V. ДЕЛО  ВСЕЙ  ЖИЗНИ

          И тогда в пронзительном желании остаться самим собой, ты приходишь к неожиданному решению. Ты решаешь вернуться в свой провинциальный город, одну из культурных столиц твоей диаспоры, чтоб начать жить по-новому, безо всякого учета общественных веяний, стереотипов и правил поведения, а учитывая только самого себя.
          Я возвращался в Алма-Ату много раз, и после двух своих студенчеств, и после многолетней работы в Москве, каждый раз понимая, что все это время ты жил какую-то не свою, чужую жизнь, и значит, следовало разобраться в себе, понять, из чего ты собственно состоишь, отбрасывая все эти социальные наросты и наслоения, отряхивая с себя всю эту социальную пыль, которой ты так густо покрылся за время жизни во внешнем мире.

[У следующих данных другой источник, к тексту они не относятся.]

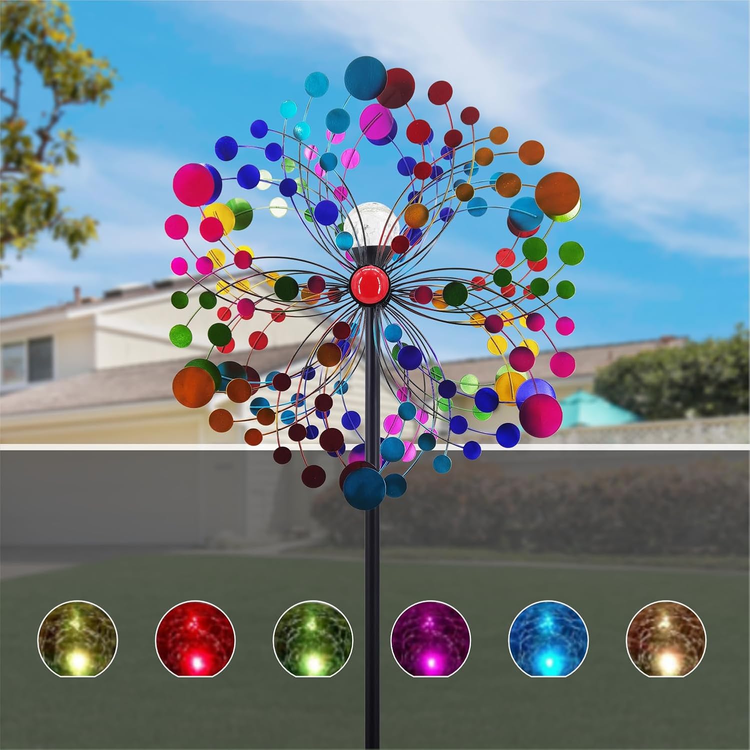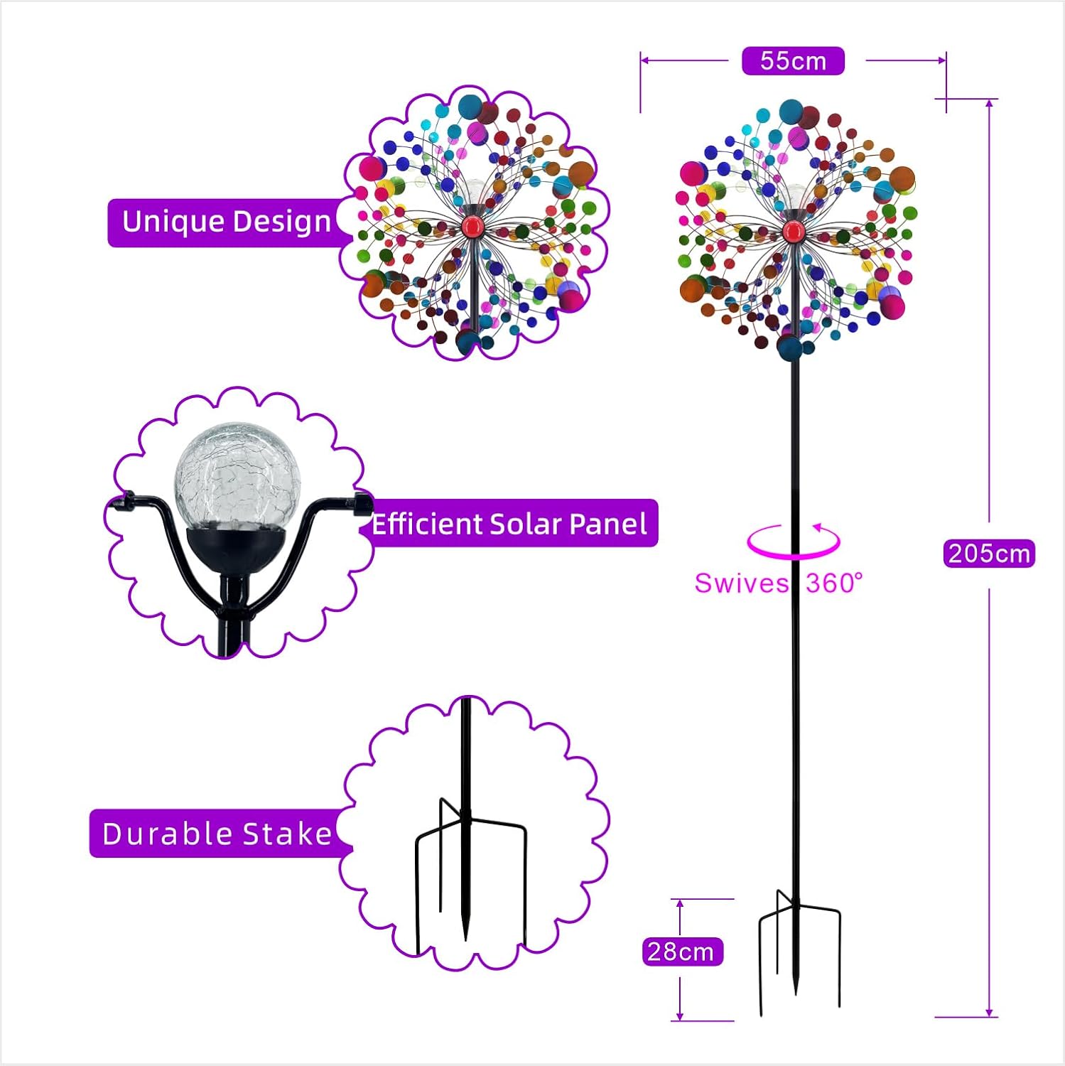 - Special Feature : After sales service:excellent customer service is we pursuing.Any problem about product or assemble please contact us via amazon email.Our professional team will solve your problem within 24hs., Auto on and off:users turn the switch of crackle ball to "ON" position and place it upon wind spinner.The solar lights will automatically light up and change color during 6 colors in night after dusk., High craftsmanship:the garden spinner is made of durable metal and fine welding technology.Ball bearing construction allows the wind spinner smoothly spin even in the slightest breeze., Perfect garden decoration:the garden spinner with unique design can decor and add vitality to garden very well .User can assemble different number of rods to adjust the height of wind spinner according to needs.Size: Dia 22.64",Height 88.58", Stable and anti-rust:kinetic wind spinner has thick metal pole and a triangular structure sturdy pile will improve anti-wind ability.The surface of anti-rust coated can withstand different kinds of weather and prolong the service life. After sales service:excellent customer service is we pursuing.Any problem about product or assemble please contact us via amazon email.Our professional team will s… See more

          И если хорошенько вспомнить, изымая из контекста все положенное и общественное, то есть, школу-институт-работу-карьеру, то получалось, что я из одной только маленькой вещи и состоял, а именно, из стыда за то, что мы – своим предательским побегом из Пхеньяна – сделали с нашим отцом! Да, именно, из одного такого стыда я и состоял, а потом из стыда производного, стыда безотцовщины, и значит, для того чтобы начать жить по-новому, по настоящему, мне следовало покаяться пред отцом за мать, за бабушку, за сестру и себя,  совершившими с ним, сознательно или неосознанно, такой чудовищный поступок.
          И тогда, в полном признании нашей вины, я начал писать письма к отцу, просто письма без адреса,  при этом я знал, что отца уже нет на свете, тогда – тем более! – я писал отцу, обращаясь к нему, в его Потустороннее,  которое потому и стало для меня реальнее и важнее, чем любая положенная, земная реальность, – я писал письма к отцу в форме эссе, повестей и рассказов, так пытаясь исправить наш семейный грех, и преодолеть наш семейный стыд. 

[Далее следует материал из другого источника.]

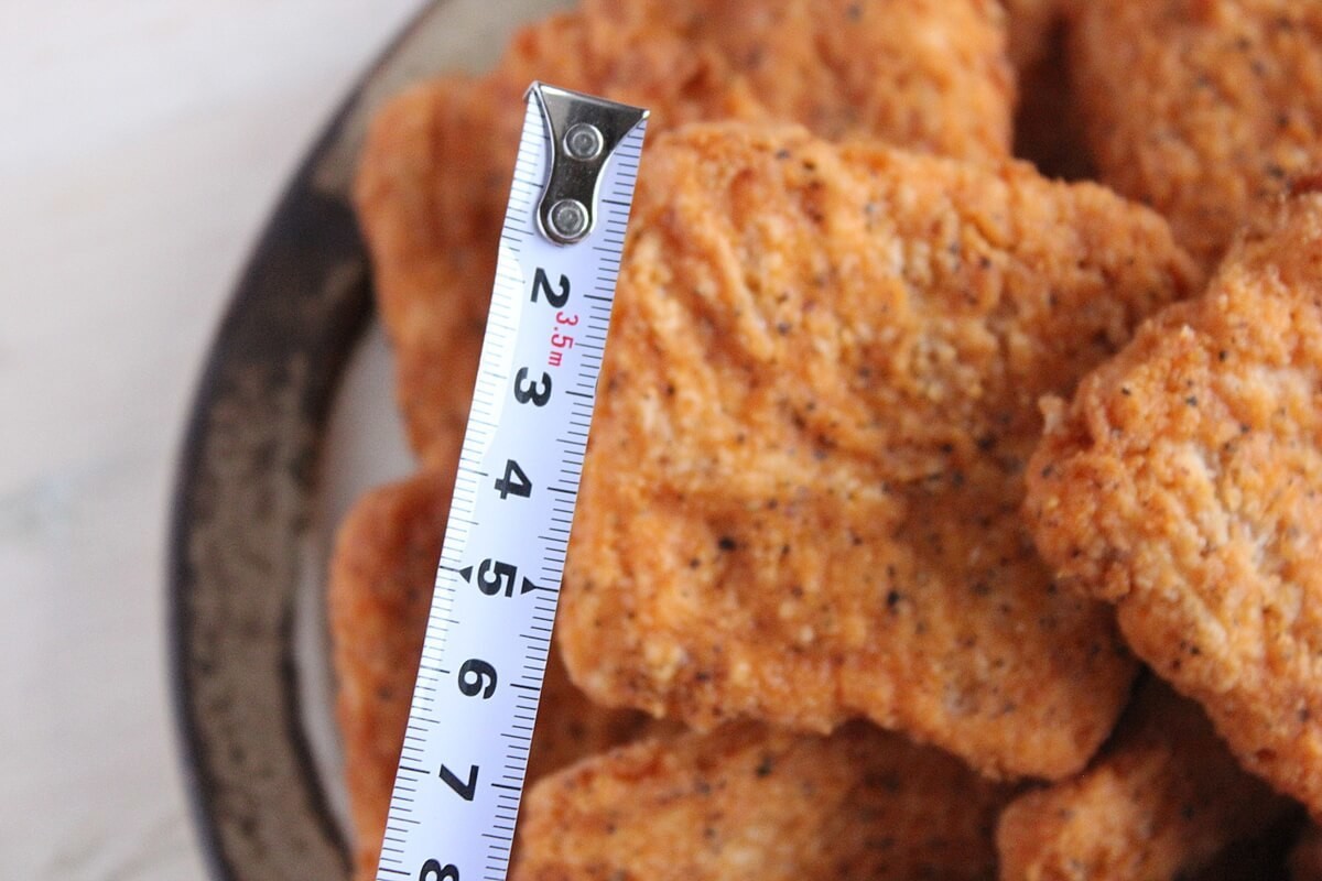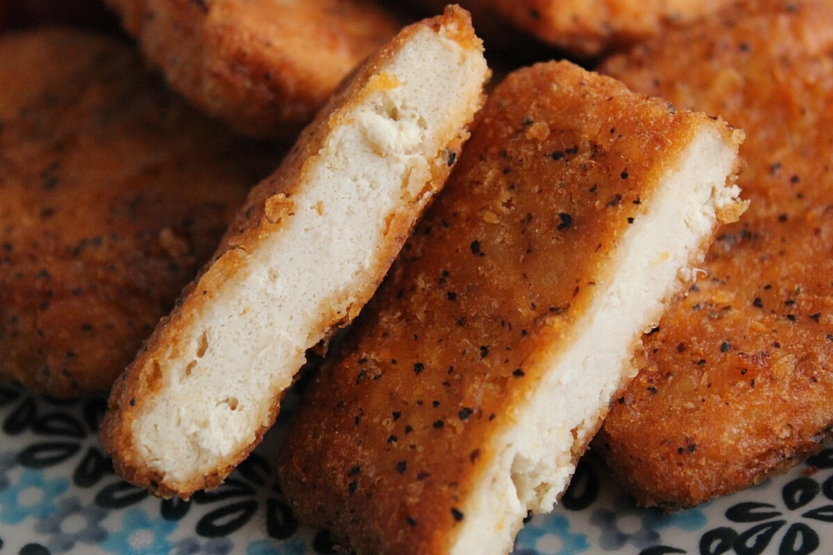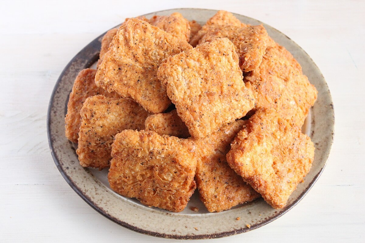 ひき肉のような状態の鶏むね肉に、色々な調味料を混ぜて成型して調理しているのだと想像します。

          И спустя время, когда я написал множество таких пронзительных писем, я уже мог ответить на тот основополагающий вопрос Хайдеггера, который я вынес эпиграфом к данному размышлению, и который красной нитью проходит сквозь все его творчество, и вообще сквозь всю философию экзистенциализма. А именно: «Не созрел ли человек настолько, чтобы выстоять в своей судьбе на основе своей сущности, безо всякой мнимой подмоги чисто внешних мер?» И, отвечая на этот принципиальный вопрос, я сказал себе, да, я созрел, и теперь я начинаю новую жизнь, которую посвящу настоящему делу, которое станет делом всей моей жизни, основанному только на моей сущности, на моей истории, на моем стыде и грехе.


VI. ТИШЕ ТРАВЫ

          Начиная жить по-новому, я не думал специально о своей диаспоре, я думал только о родных, об отце, и только после, уже через этническое, я думал о своих соплеменниках. И живя вновь среди коре сарам, я опять вспоминал ту молву, что темнее ночи, которая так потрясла меня в свое время, ту историю о двух несчастных корейских женщинах, по сути, убивших себя от стыда за когда-то родного им человека. После я неоднократно встречал этого мужчину, ставшего в корейской диаспоре известным общественным деятелем, и однажды, на одном из национальных празднований, где присутствовал и я, его спросили, уже в неформальной обстановке, за праздничным столом, как он умудряется при столь преклонном возрасте сохранять столь прекрасный внешний вид. И тогда он ответил, вероятно, чуть расслабившись от вина, вполне шутливым тоном: «Самое главное – ничего не брать в голову!» И ответ его потряс меня не меньше, чем сотворенный им когда-то грех. И вообще, помнил ли он об этом грехе?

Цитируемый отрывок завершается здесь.